French bionic vision company Pixium Vision has received approval to start a feasibility clinical study of its wireless subretinal implant, Prima, in patients with advanced dry age-related macular degeneration (dry-AMD).
The Prima implant is a micro photovoltaic chip just 2 mm in size and 30 microns thick. It is equipped with 378 electrodes and implanted under the retina via a minimally-invasive surgical procedure.
The implant converts pulsed near infrared invisible light signal received from the external glasses with an integrated mini-camera into electrical signals transmitted to the brain via the optic nerve.
The clinical study is designed to evaluate the tolerance of Prima and to demonstrate the evoked central visual perception among patients who have lost their sight due to atrophic advanced dry-AMD. The study is planned to recruit five patients with interim evaluation at a six-month follow-up and a longer term follow-up to 36 months. The study will be conducted at Fondation Ophtalmologique Rothschild and Hôpital des Quinze-Vingt in Paris.
“The approval of the clinical study is a significant advance for the Prima system, our next generation wireless subretinal implant system, as well as for Pixium Vision,” said Pixium CEO Khalid Ishaque.
“Conceived initially by the researchers at Stanford University, and successfully developed through to clinical stage by our team at Pixium Vision in close collaboration with numerous physicians and scientists, Prima enters an exciting phase of its development, with a first patient expected to be implanted before year end.
“With ageing population dynamics, advanced dry-AMD is a leading cause of irreversible vision loss with currently estimated over four million people without approved treatment option making it a significant unmet medical need.”

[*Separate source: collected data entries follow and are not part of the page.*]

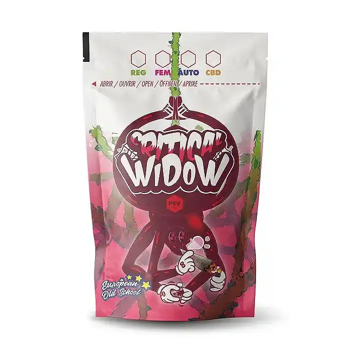 La bolsa de marihuana Critical Widow de PEV Seeds es un envase de aluminio con cierre zip especial para guardar flores de CBD o cogollos de cannabis de la mejor manera posible, ya que permite un gran aislamiento a la temperatura y humedad ambiental y se puede cerrar herméticamente. El potente olor de la yerba ya no será un problema gracias a estas bolsas de marihuana de PEV, y gracias a sus impresionantes diseños serás la envidia de todos tus colegas.
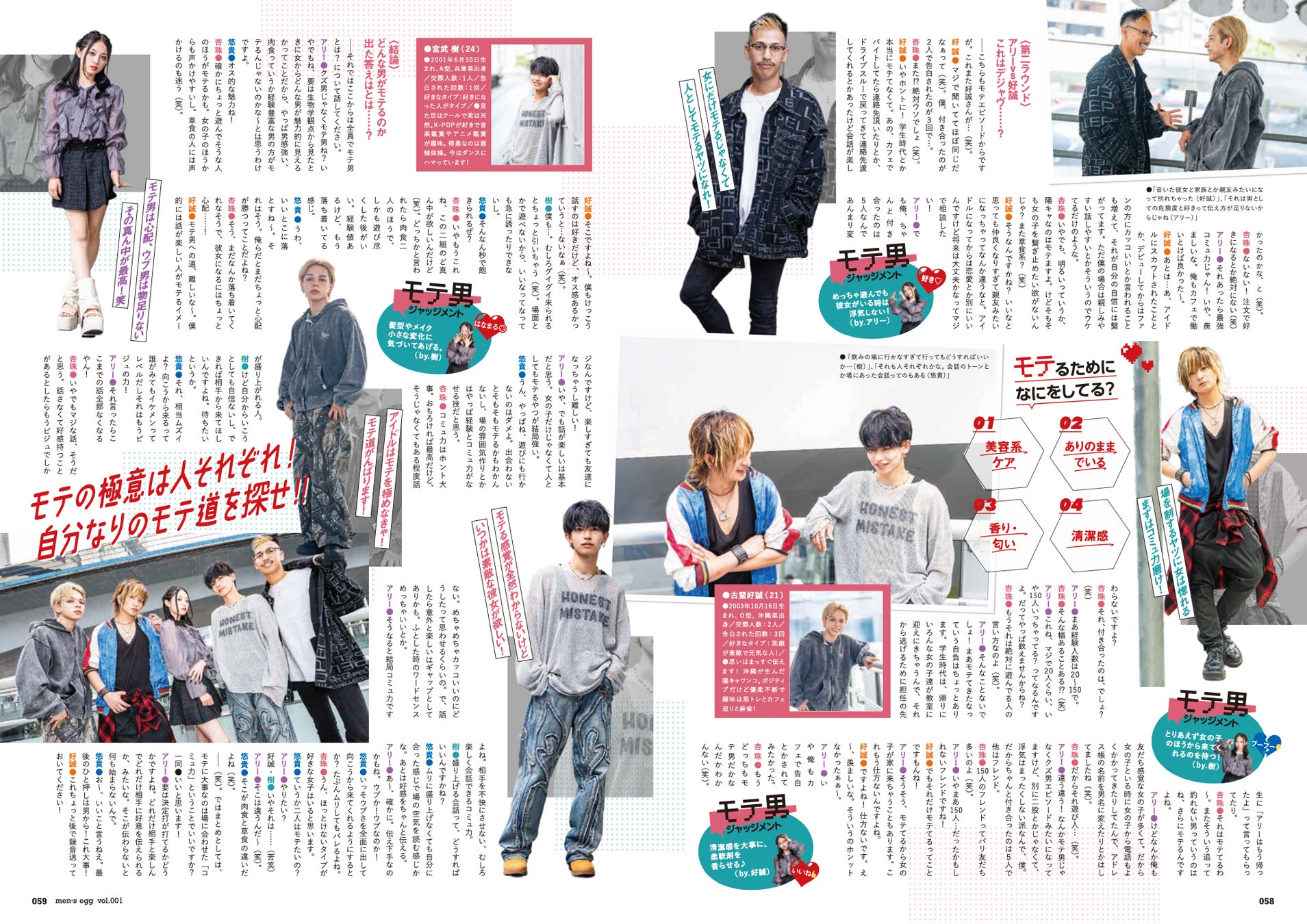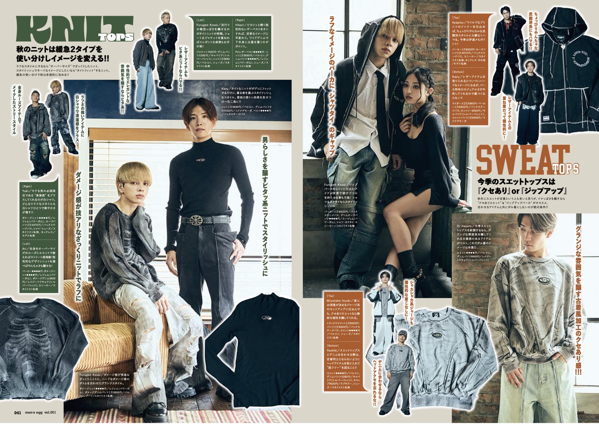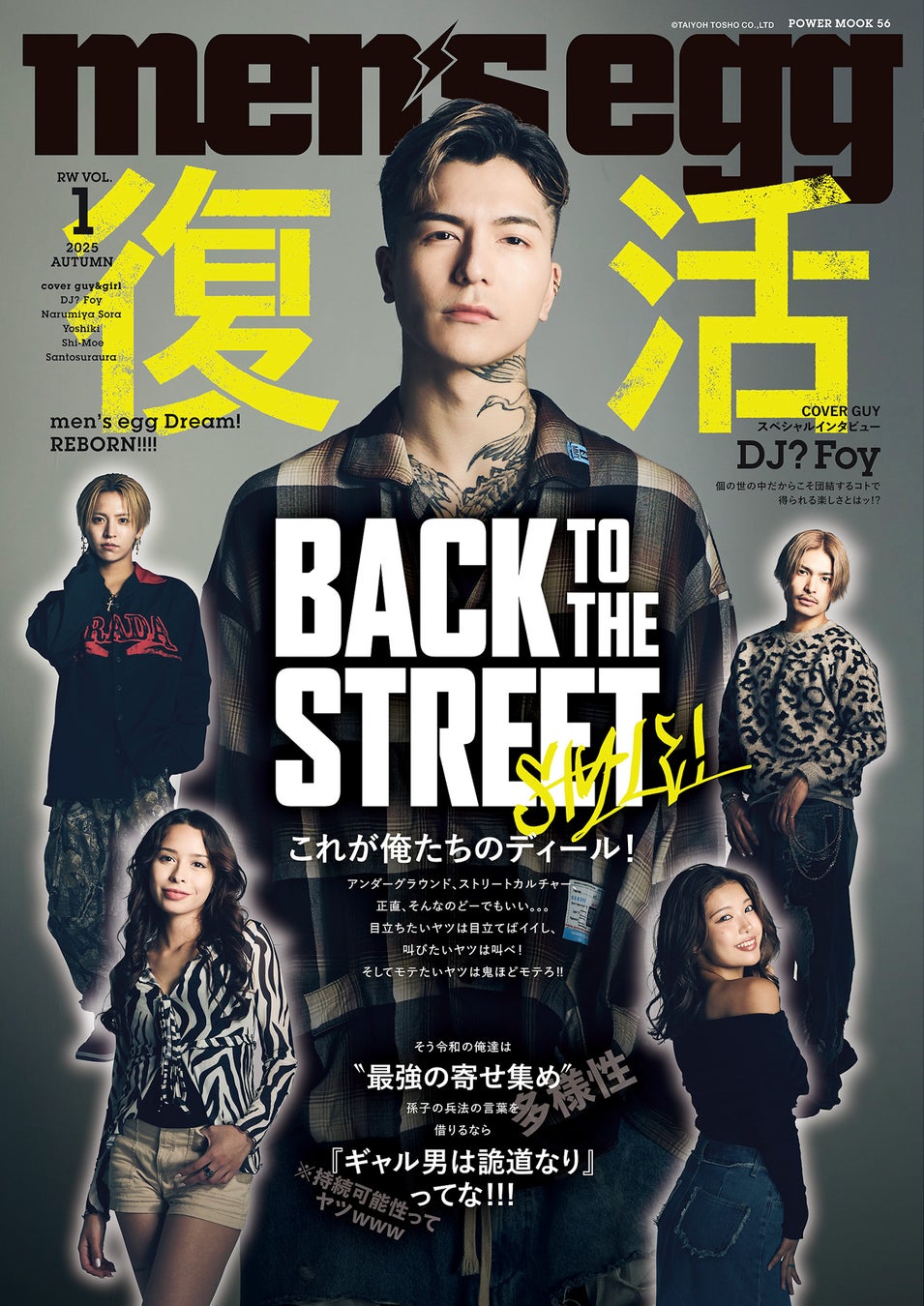 そんな[men’s egg(メンズ・エッグ)]が、2025年10月1日、装いも新たに”令和版”として復活を果たしました。新たな時代に即した特集はもちろんのこと、カバーモデルに音楽グループ「レペゼン地球(Repezen Foxx)」の元メンバーで、’23年にゲーミングチーム「NOEZ FOXX」を設立したDJ? Foy氏を起用。そして”個人の時代にあえて団結する必要性”に関してスペシャル・インタビューを慣行。同氏が語った目から鱗の明快な答えは必読です!! また、バーの店員、アイドル、DJ、会社員、ets…と新たに選抜されたモデルは多種多様、しかも最高齢モデルは41歳!!とまさに多様性な時代に即した布陣!そして、そんな彼らのライフスタイル情報から、メイク、ヘア、ファッション、はたまたモテるテクニック❤︎までをた~っぷり特集しています!!
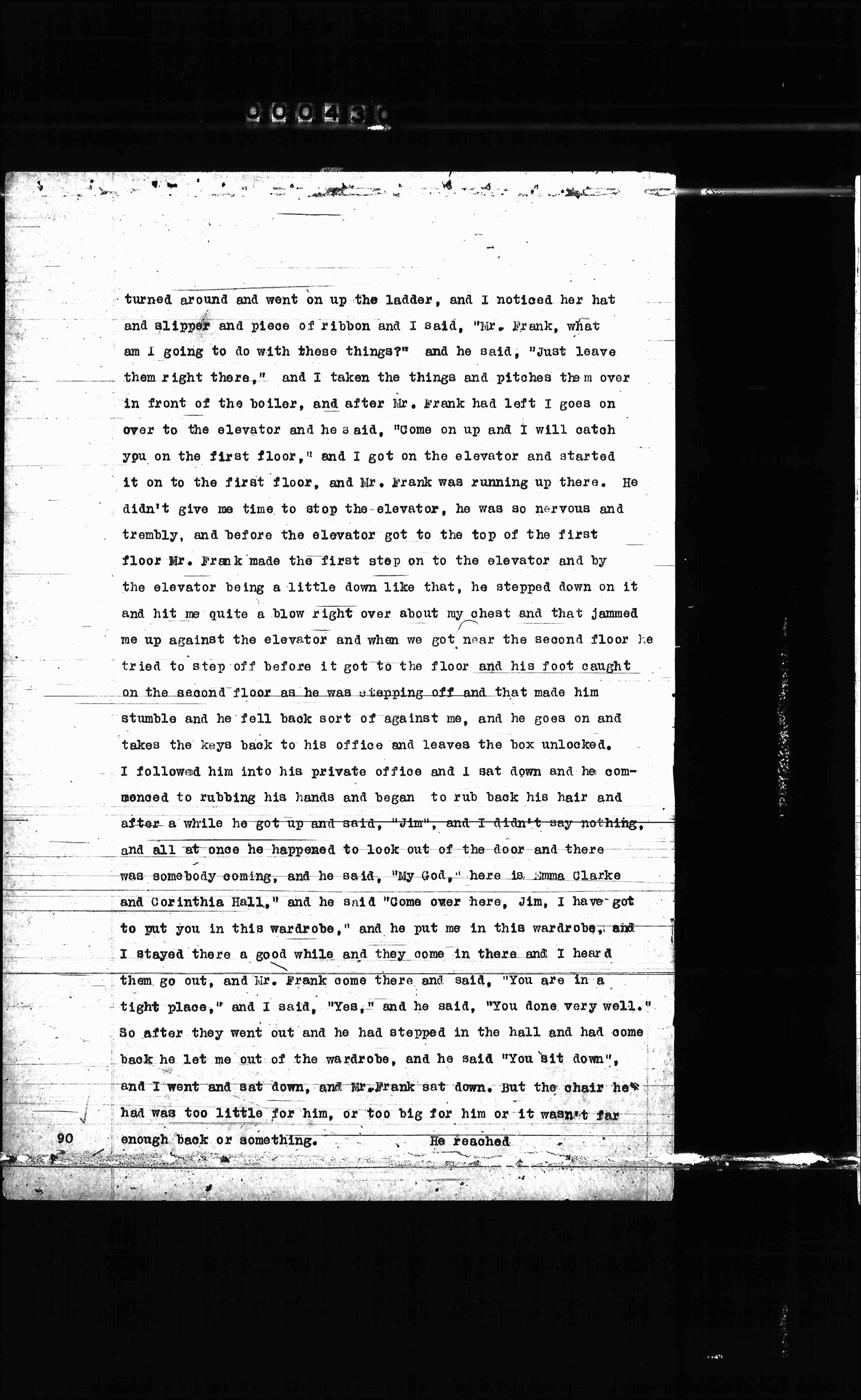 turned around and went on up the ladder, and I noticed her hat and allipper and piece of ribbon and I said, "Mr. Frank, what am I going to do with these things?" and he said, "Just leave them right there," and I taken the things and pitched them over in front of the boiler, and after Mr. Frank had left I goes on over to the elevator and he said, "Come on up and I will catch you on the first floor," and I got on the elevator and started it on to the first floor, and Mr. Frank was running up there. He didn't give me time to stop the elevator, he was so nervous and trembly, and before the elevator got to the top of the first floor Mr. Frank made the first step on to the elevator and by the elevator being a little down like that, he stepped down on it and hit me quite a blow right over about my chest and that jammed me up against the elevator and when we got near the second floor he tried to step off before it got to the floor and his foot caught on the second floor as he was stepping off and that made him stumble and he fell back sort of against me, and he goes on and takes the keys back to his office and leaves the box unlocked. I followed him into his private office and I sat down and he commenced to rubbing his hands and began to rub back his hair and after a while he got up and said, "Jim", and I didn't say nothing, and all at once he happened to look out of the door and there was somebody coming, and he said, "My God", here is Emma Clarke and Corinthia Hall," and he said "Come here, Jim, I have got to put you in this wardrobe," and he put me in this wardrobe, and I stayed there a good while and they come in there and I heard them go out, and Mr. Frank come there and said, "You are in a tight place," and I said, "Yes," and he said, "You done very well." So after they went out and he had stepped in the hall and had come back he let me out of the wardrobe, and he said "You sit down", and I went and sat down, and Mr. Frank set down, but the chair he had was too little for him, or too big for him or it wasn't far enough back or something. He reached
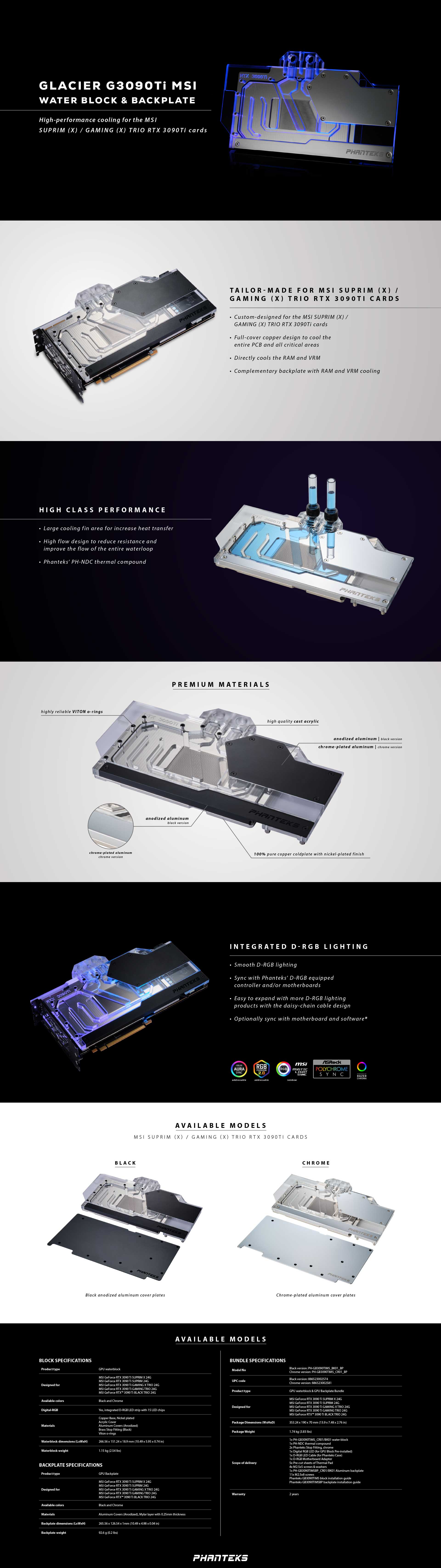 3090 Ti 是 GeForce RTX 30 系列中最強大的顯卡,新推出的 Glacier G3090 Ti MSI 水冷頭可提供出色的冷卻效果並實現頂級性能。隨著新RTX 3090 Ti 設計上增加的功耗和前置內存核心,Glacier G3090 Ti 顯卡水冷頭帶給您前所未有的散熱效果。與所有Glacier水冷頭一樣,水冷頭使用了優質原料,例如鏡面鋁合金蓋板、高熱傳導的紅銅基底以及高透光的優質壓克力。另外,密封部分則使用航太等級的VITON密封圈,確保產品的穩定性以及提升產品的使用年限。G3090 Ti MSI水冷頭也結合D-RGB燈效,帶給您極致燈光效果體驗。此外,也可以搭配Phanteks其他D-RGB產品或是第三方的A-RGB產品,讓整體配備有一致性並達到最佳的視覺效果。最後,推薦您G3090 Ti ASUS顯卡背板,此款鋁合金背板使用CNC加工所製成,有霧面黑和鏡面銀兩種表面可供選擇。顯卡背板可完全覆蓋PCB,內附的散熱貼片使PCB背板上之RAM和VRM達到降溫效果。此設計不僅讓外型典雅美觀,同時讓散熱性能極大化。Glacier G3090 Ti MSI 水冷頭套組提供霧面黑和鏡面銀兩種顏色供您選擇。
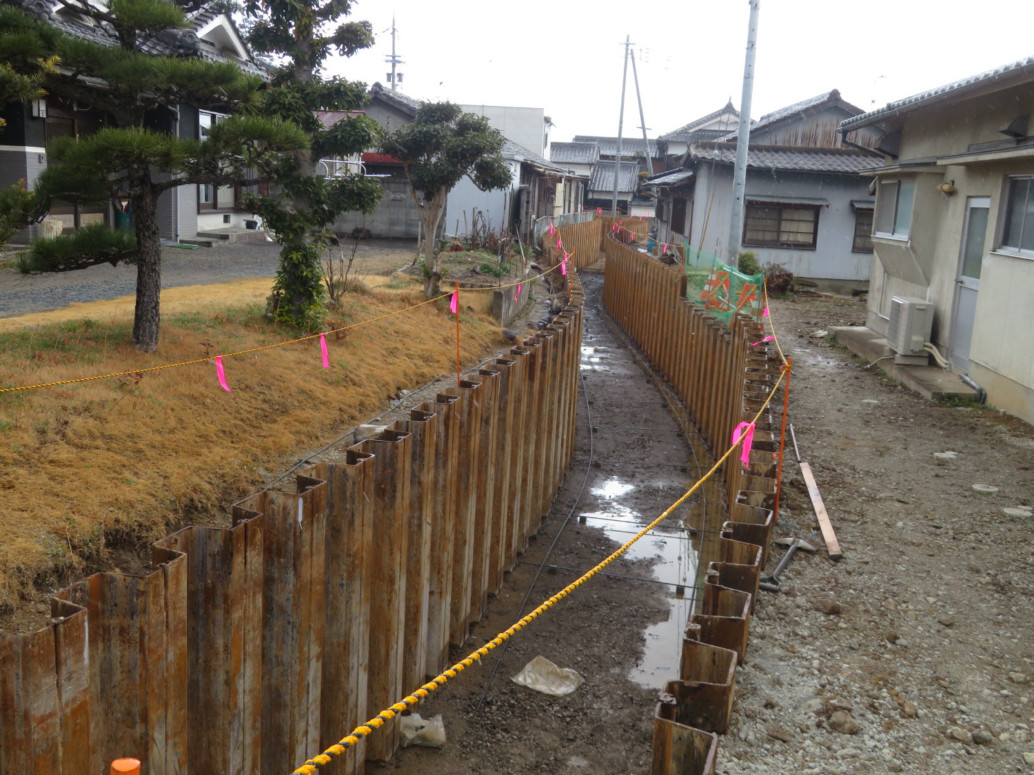 福田地区の住吉神社前から七種川の河川の整備工事です。
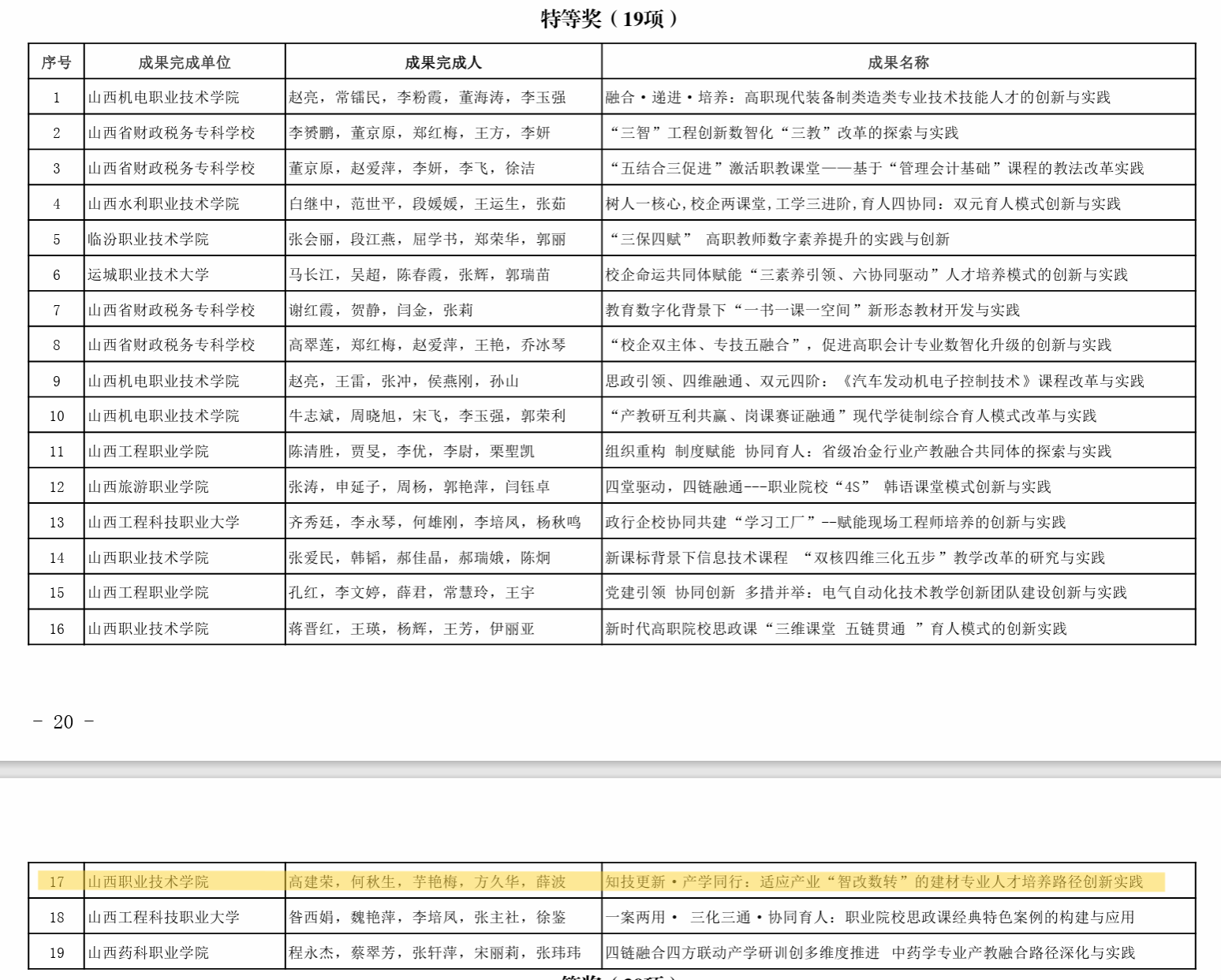 近日,山西省教育印发了《关于公布2023年山西省教学成果奖获奖项目的通知》(晋教师〔2023〕10 号),我系共有两项教育成果荣获 2023年山西省教学成果奖(职业教育)获奖项目奖项

DryAMD is the most prevalent form of Age-related Macular Degeneration. Prima is also intended to be evaluated at a later stage for treatment of vision loss from Retinitis Pigmentosa.
Local competition
Bionic Vision Technologies (BVT) grew out of the Bionic Vision Australia project, a consortium of universities and research institutes, looking to develop prostheses to restore vision to the blind.
Like the Pixium technology, BVT uses a camera attached to a pair of glasses, an externally worn vision processing unit and an electrode array implanted behind the retina.
In April 2017, it announced it had raised $23.5 million and would soon be starting clinical trials.